Eric Kapono project coordinator of I Ola o
Haloa described his unit’s goal on the Big Island as narrowing
the distance on that
island. The goal of the Title III grant
is to expand program access to Native Hawaiian students. The
grant’s four components are:
1) expand access to the university from the farthest reaches of the
island;
2) develop an AAS degree that combines courses in Hawaiian cultural
activities with
traditional college courses (eg, business, accounting, science) in order
to graduate
Hawaiians who can combine subsistence activities with other education and
training to
create more options and flexibility in their lives;
3) develop a facility on the UHH campus that Hawaiians can call their own
and in which
they can support and help one another; and
4) develop activities for the university as a whole to make people more
aware of who
Hawaiians are as a community.
Through the grant they are hiring Hawaiian studies instructors to teach
on-site in the outer
districts, but they are also implementing an ISDN-line video-conferencing
technology that
enables the instructor in Hilo and three other classrooms in other areas
of the island to
interact with one another at the same time.
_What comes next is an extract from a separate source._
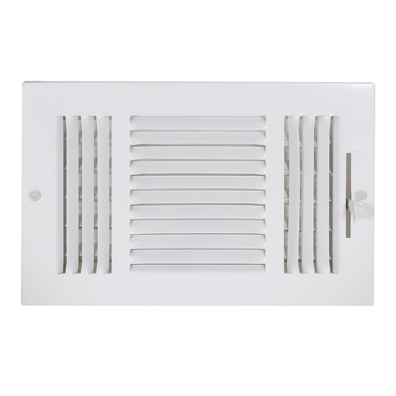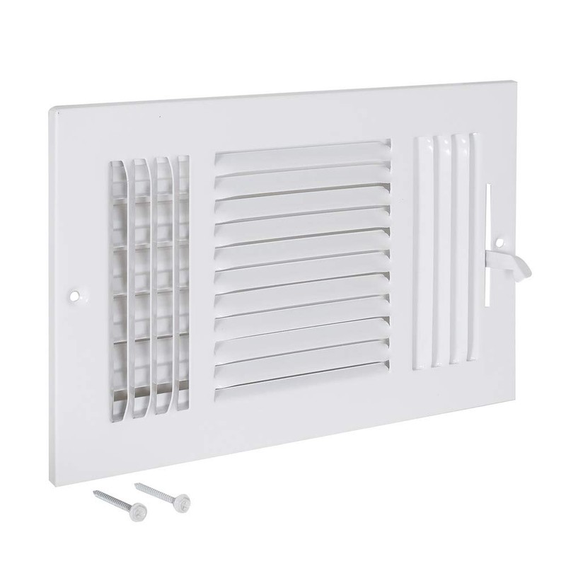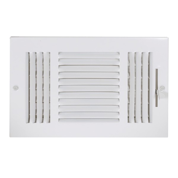 EZ-FLO 61614, White Three-Way Sidewall/Ceiling Register, 10 inch (W) x 6 inch (H), 10 in. x 6

They expect this system to be
on-line in January.
Realizing that just because the technology is interactive doesn’t
necessarily mean that the
students will interact, they are preparing the instructors to create an
environment that is
truly interactive.
Judith Kirkpatrick, who teaches composition courses, is head of committee that advises the administration at Kapiolani Community College on the uses of technology in instruction, both on-line courses and Olelo Community Television courses. Most instructors are not comfortable on television, but they have embraced internet courses that use Web-based technology for student-student and student-teacher interaction. Kirkpatrick, who teaches only on-line courses now, has always favored a student-conferencing technique of teaching. However, she encountered certain obstacles with this style of teaching, that she can use technology to get around: problems like the tendency for certain students to dominate interaction, the inability of the teacher to listen to more than one group in the classroom at a time, difficulties in getting students to interact, and the lack of a record of the interactions. She thinks students interact more, and become more engaged in the subject, in on-line courses than in regular classrooms. She also feels she gets to know her students better in on-line courses than in a regular classroom setting. Another advantage is that she is turning out students who are more computer literate than their classmates. These students are turning their computer skills into jobs, as well as taking their skills into low-income housing projects to do service learning activities with the residents and their community technology leaders.
In response to a question by moderator Terence Wesley-Smith about technology possibly leading to greater inequalities or the silencing of certain groups, all respondents felt that making use of the technology would tend to level the playing field and open doors to those that had formerly been locked out of the university.